Disaster Recovery — WDC On-Prem
Classification: CONFIDENTIAL — Internal Use Only
Document: response-plans/wdc-on-prem-dr.md · v1.0 · 2026-05-12 · GPUS-IT
Scope
This document covers DR for the WDC on-prem cluster (water.wdc.us.gl3, future fire.wdc.us.gl3, future flower.wdc.us.gl3) and the tenant VMs hosted on it (ocean.wdc.us.gl3 today; sky, rain, wind, sun on Fire later).
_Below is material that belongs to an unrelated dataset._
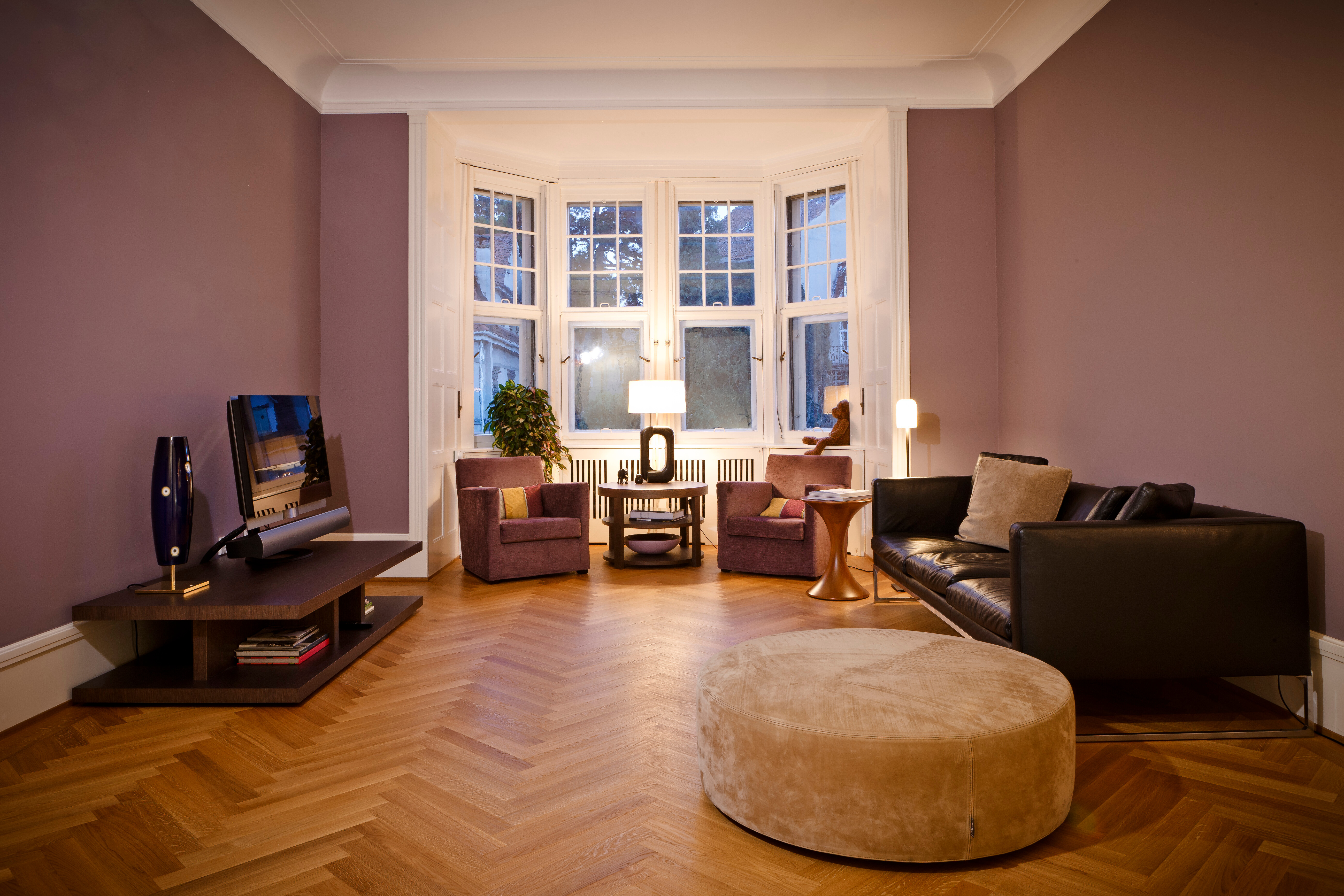 Das Wohnzimmer überrascht mit einer violett gestrichenen Wand, die dem Raum eine kraftvolle Tiefe verleiht. Davor positioniert: das dunkle Ledersofa Tight von B&B Italia, dessen klare Linien dem Raum Struktur geben. Ergänzt wird die Sitzgruppe durch den Beistelltisch Kitay von Minotti – ein feines Detail, das das Spannungsverhältnis zwischen Altbaucharakter und zeitgenössischem Design stimmig abrundet.

It is a section of the broader Greenpeace USA Disaster Recovery Plan.
1. Objectives
| Asset Tier |
RTO |
RPO |
Tier 1 (e.g. ocean/KACE) |
4 h |
4 h |
| Tier 2 |
8 h |
12 h |
| Tier 3 |
24 h |
24 h |
| WDC site (full loss) |
24 h (Tier 1 only, in GCP cold standby) |
24 h |
2. Disaster Classifications
| Tier |
Definition |
Examples |
Lead Decision Maker |
| 1 — Catastrophic |
WDC office unreachable / destroyed |
Fire, flood, prolonged power loss > 24 h |
Director, Cyber Security & Cloud Architecture |
| 2 — Major |
Cluster offline, hardware salvageable |
Both Meraki + core switch failure, NAS failure |
IT Operations Lead |
| 3 — Moderate |
Single host failure, VMs need migration |
water hardware failure |
On-call engineer |
| 4 — Minor |
Single VM failure, no host impact |
ocean corruption |
On-call engineer |
3. Recovery Strategy
3.1 Tier 4 (single VM)
- Open KACE ticket.
- Restore from last good Veeam restore point (RPO ≤ 4 h for Tier 1).
- Validate per Restore Testing checklist.
- Sign off and close ticket.
3.2 Tier 3 (single host)
- Power on standby spares / vMotion-eligible peer host (once cluster has 2+ nodes).
- Until Fire/Flower exist: emergency rebuild of
water from the Hypervisor Rebuild Runbook, then restore ocean from latest backup.
- Communicate to staff: ETA, scope, expected impact.
3.3 Tier 2 (cluster offline, hardware OK)
- Isolate suspected cause (switching, storage, hypervisor).
- Engage vendor support (VMware, NAS vendor, Meraki) in parallel.
- If recovery > RTO, declare Tier 1 and proceed to §3.4.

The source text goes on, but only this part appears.